Abstract

The titration of α-Zr(HPO 4) 2·H 2O, prepared by the HF-procedure, with (CsCl + CsOH) solutions, leads to the formation of Zr(CsPO 4) 2·6H 2O, inter-layer distance: 14.2 Å. The exchange behaviour of this phase towards alkali metal cations has been investigated by determining the respective ion-exchange isotherms and the percentage of the solid phases at the various stages of exchange. In the experimental conditions used, Cs + is not able to replace completely Li + and Na + from Zr(LiPO 4) 2·4H 2O and Zr(NaPO 4) 2·3H 2O, the phases ZrCsLi(PO 4) 2·4H 2 O and ZrCs 1.5Na 0.5(PO 4) 2·3H 2O being obtained.
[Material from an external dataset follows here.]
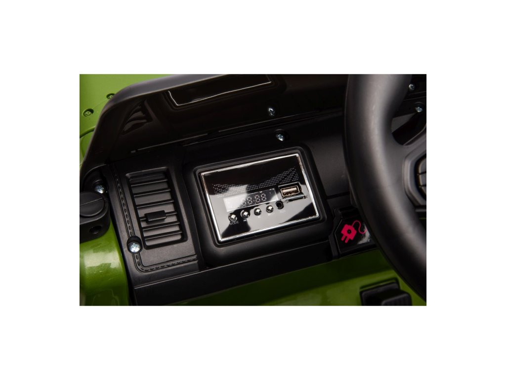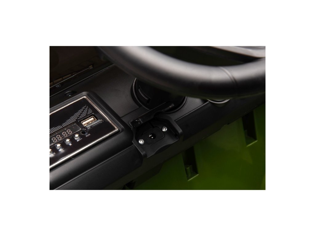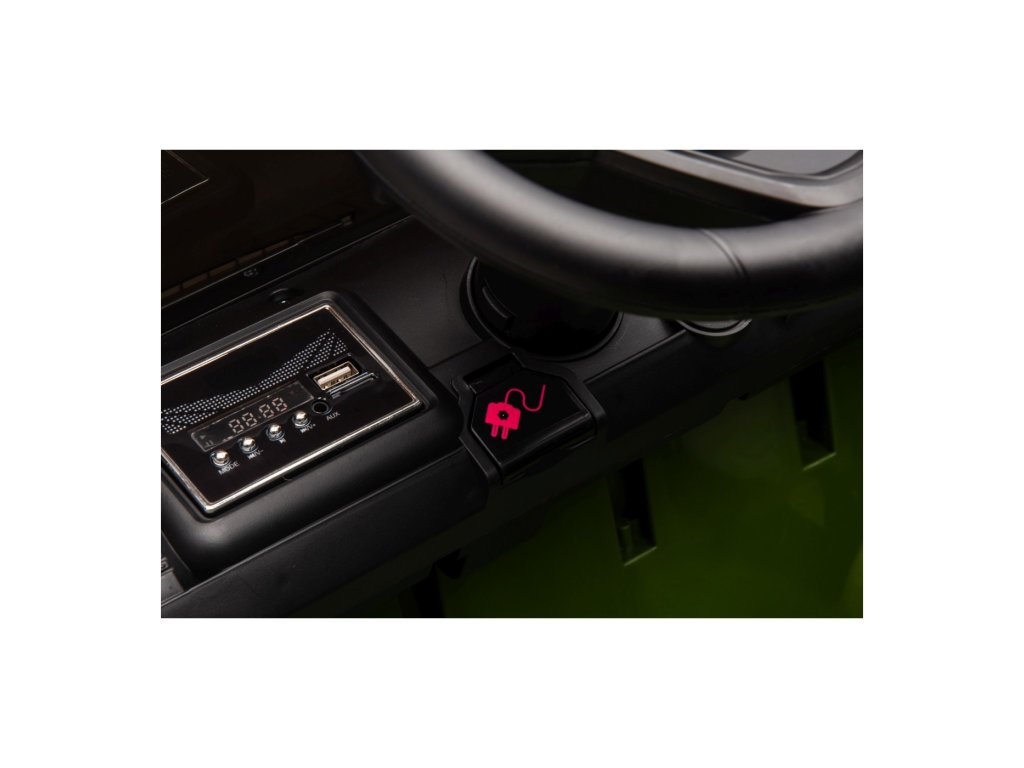 A játékautó MP3-mal, USB-vel, SD-kártyával és AUX bemenettel ellátott zenepanellel van felszerelve, amely lehetővé teszi kedvenc zenéinek lejátszását. Hangeffektusokat, kürtöt és előre felvett dallamokat is tartalmaz.

On the contrary the Cs + replacing K + process leads to Zr(CsPO 4) 2·6H 2O and occurs in a single step. In the reverse processes high solubilities of the ingoing counter-ions in the already formed phases were found. The large hysteresis loop found for all the investigated systems has been related to the formation of different solid phases in the two opposite processes and to super-saturation phenomena. Since the reported isotherms have completed the set of alkali-alkali ion exchange processes on crystalline zirconium phosphate, some general comments have been drawn considering the effect of the effective ionic radius of the counter-ions and of inter-layer distance of the involved solid phases.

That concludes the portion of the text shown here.